__Extracted information__

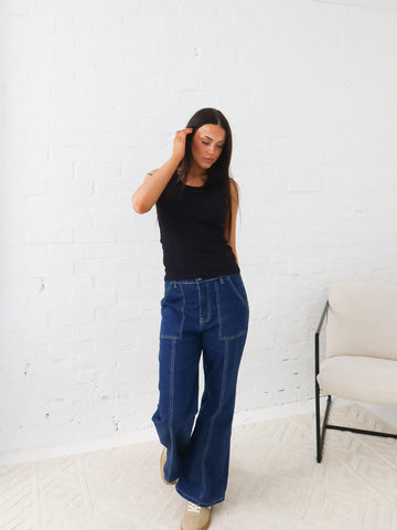 Crazy about wide-leg jeans? Time to grab another pair and keep the fun going! Mid weight stretchy denim - 89% Cotton, 9% Polyester, 2% Elastane Dark Blue denim   High waisted ...
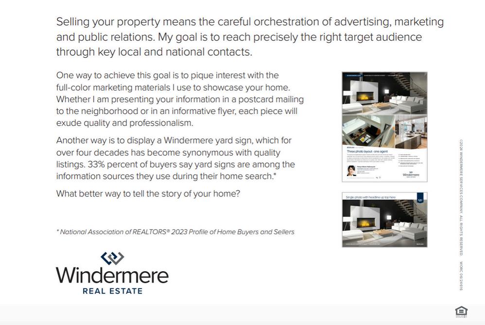 I have access to a number of print and digital advertising opportunities including Windermere Living, Lifestyle Northwest & Puget Sound Business Journal. Windermere’s Luxury Breakfasts offer additional exposure for listings in our Premier Program and our W Collection. Through our Luxury Portfolio partnership, I have global print marketing opportunities with publications like Architectural Digest and Luxe Interior + Design.
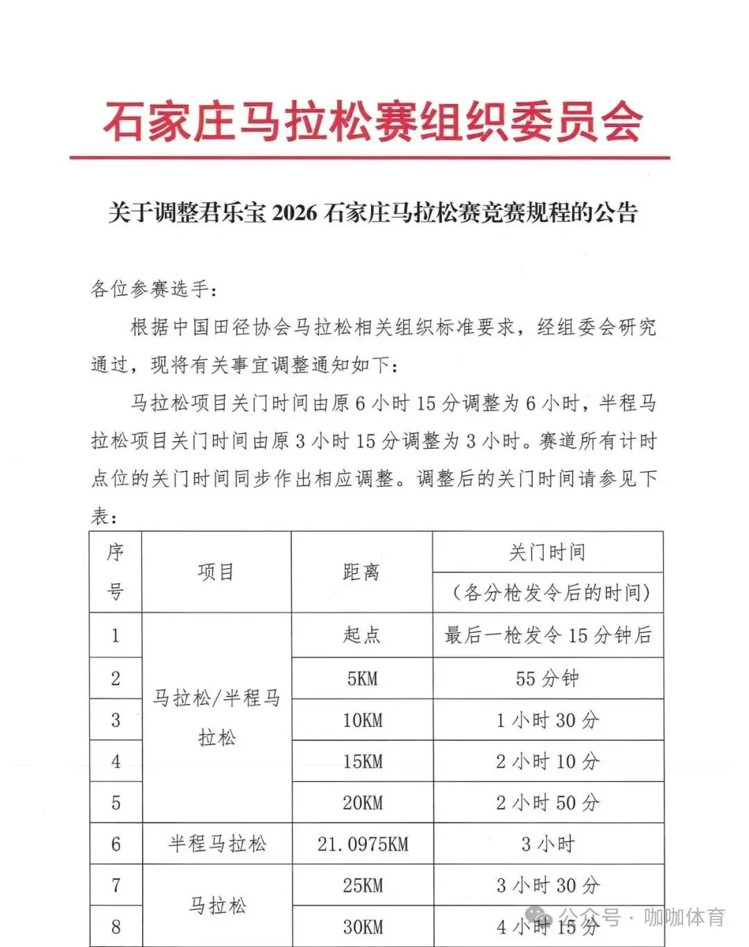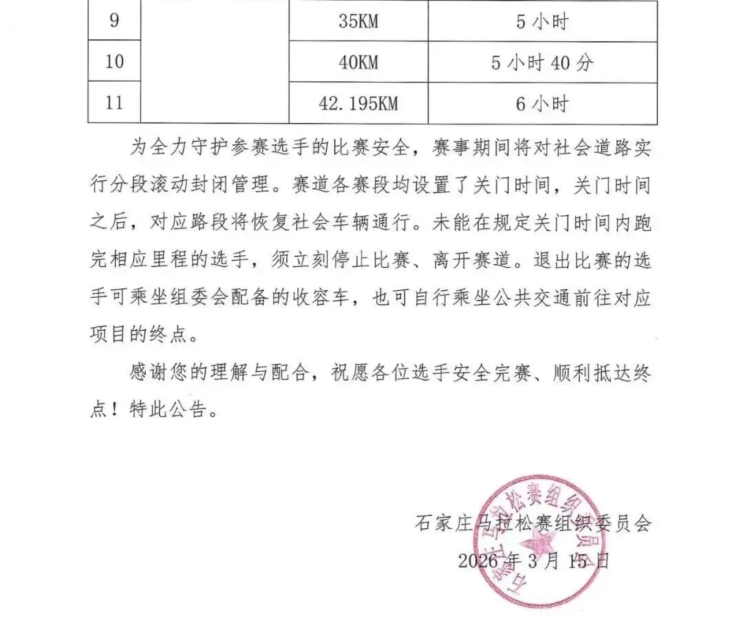 >【京津冀赛事】君乐宝2026石家庄马拉松关门时间调整
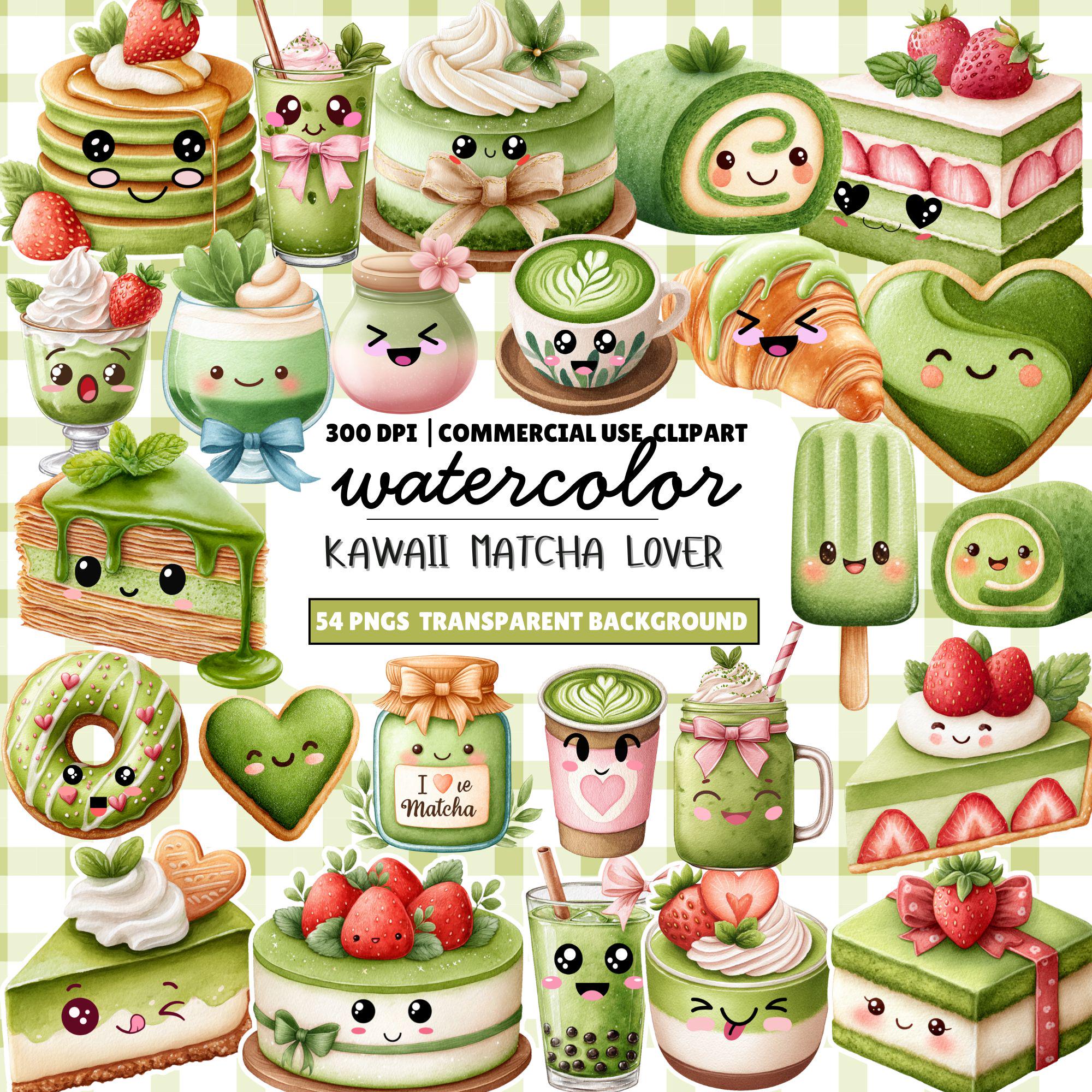 Bring sweetness and charm to your projects with this Kawaii Matcha Lover Watercolor Clipart Set.
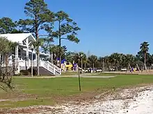 - π Navarre Beach Marine Park (first left after crossing the Navarre Beach Causeway from the mainland). The quieter area of the beach; preferred beach by the locals. Two beach access points (with a third being built for summer 2019) with bathrooms, picnic pavilions, wash-off showers, and a lifeguard post that is manned during the peak season. Should you wish to use the beach pavillons, they can be reserved at the County administration's website. (updated Jan 2023)
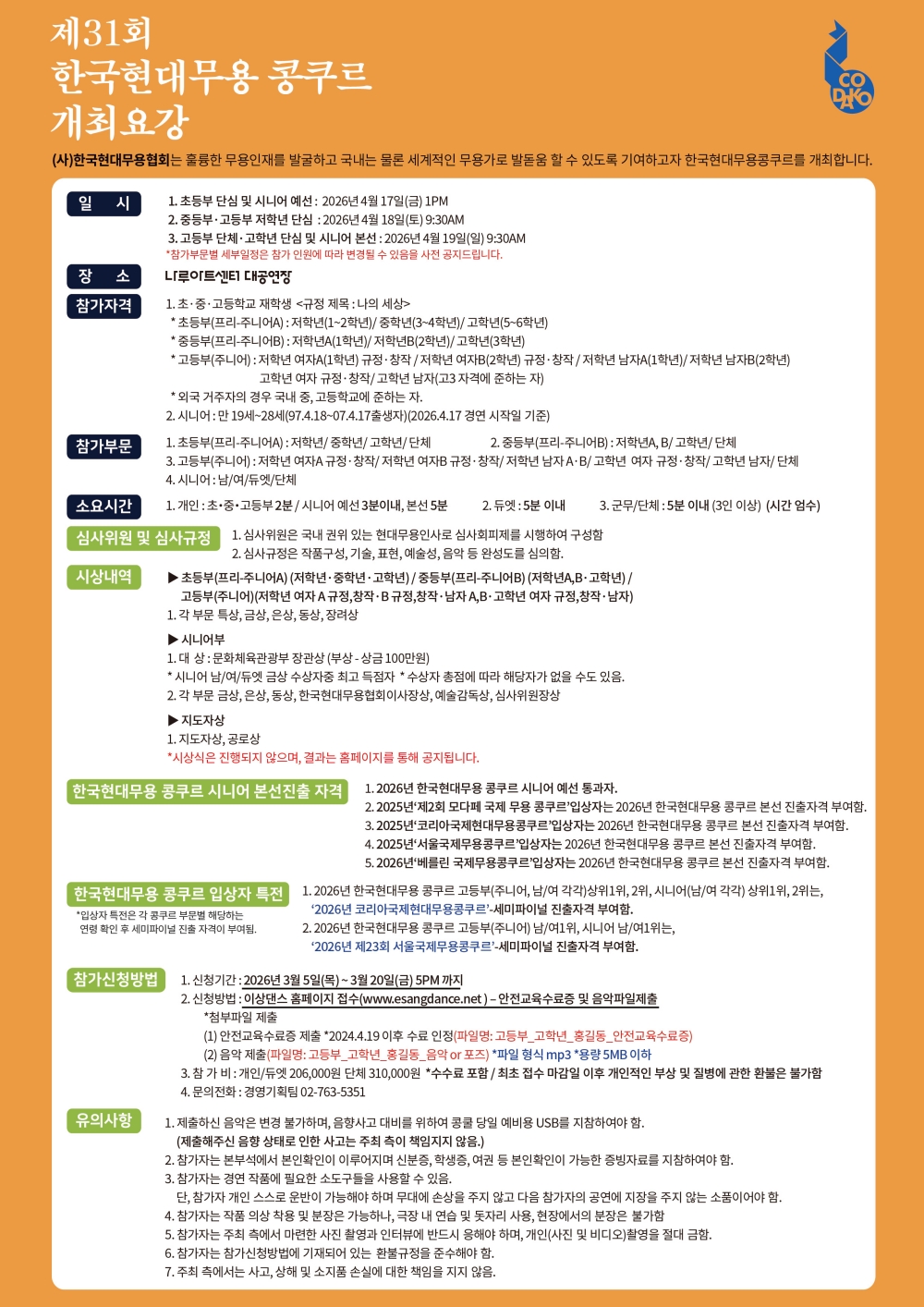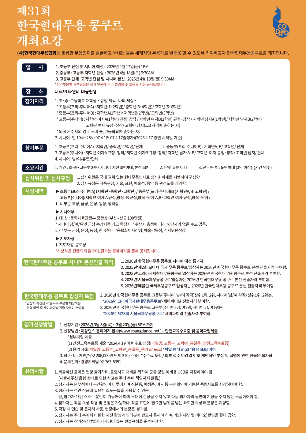 #한국현대무용콩쿠르 #한국현대무용협회 #한국현대무용콩쿨 #한국현대무용경연대회 #2026한국현대무용콩쿠르 #제31회한국현대무용콩쿠르 #2026한국현대무용콩쿨

__Work required__
Retype each entry exactly. No pictures.

__Exercise response__
 Crazy about wide-leg jeans? Time to grab another pair and keep the fun going! Mid weight stretchy denim - 89% Cotton, 9% Polyester, 2% Elastane Dark Blue denim   High waisted ...
 I have access to a number of print and digital advertising opportunities including Windermere Living, Lifestyle Northwest & Puget Sound Business Journal. Windermere’s Luxury Breakfasts offer additional exposure for listings in our Premier Program and our W Collection. Through our Luxury Portfolio partnership, I have global print marketing opportunities with publications like Architectural Digest and Luxe Interior + Design.
 >【京津冀赛事】君乐宝2026石家庄马拉松关门时间调整
 Bring sweetness and charm to your projects with this Kawaii Matcha Lover Watercolor Clipart Set.
 - π Navarre Beach Marine Park (first left after crossing the Navarre Beach Causeway from the mainland). The quieter area of the beach; preferred beach by the locals. Two beach access points (with a third being built for summer 2019) with bathrooms, picnic pavilions, wash-off showers, and a lifeguard post that is manned during the peak season. Should you wish to use the beach pavillons, they can be reserved at the County administration's website. (updated Jan 2023)
 #한국현대무용콩쿠르 #한국현대무용협회 #한국현대무용콩쿨 #한국현대무용경연대회 #2026한국현대무용콩쿠르 #제31회한국현대무용콩쿠르 #2026한국현대무용콩쿨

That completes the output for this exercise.